Plant species in the gentian family

Eustoma russellianum is a species of flowering plant in the gentian family. One of its previous binomial names was Eustoma grandiflorum. Common names include showy prairie gentian, prairie gentian, Texas bluebells, Texas bluebell, bluebell, and Lisianthus.

There is a cultivar, 'Bolero Deep Blue'.

==Description==
Eustoma russellianum has blue-green waxy leaves and showy bell shaped flowers in blue pink or white each borne singly on an upright plant.
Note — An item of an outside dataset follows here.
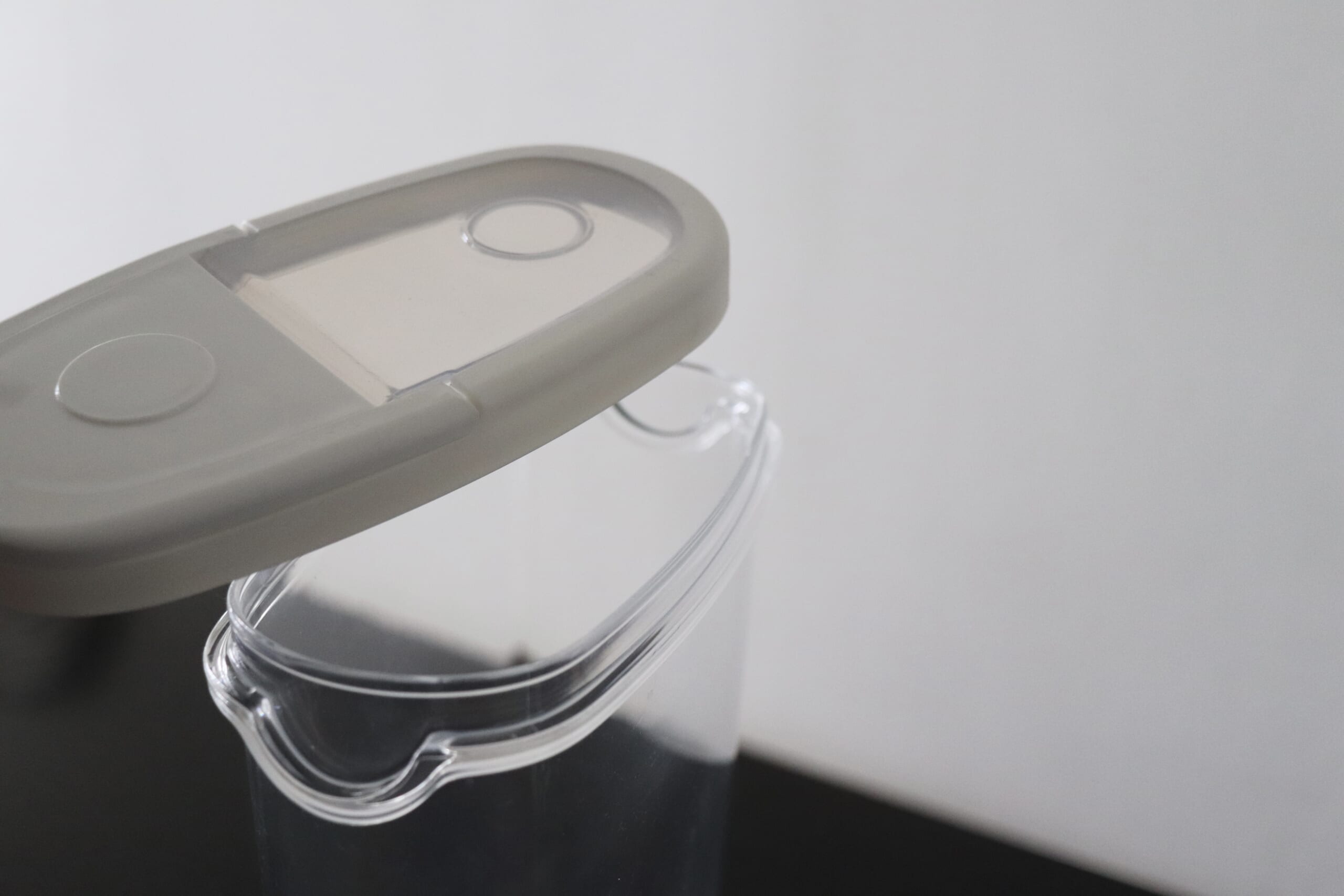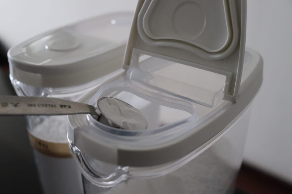 取り出し口は計量スプーンも楽に入りますが、大きすぎないので粉が舞うのも防止できます。

Depending on growing conditions it may present as an annual, biennial, or perennial plant.

==Distribution and habitat==
It is found primarily in the Great Plains region of North America, from Wyoming southeast to Nebraska, and south to Texas and Mexico. Due to its popularity and the frequency with which it is picked, it has been unable to naturally reseed itself in its native distribution.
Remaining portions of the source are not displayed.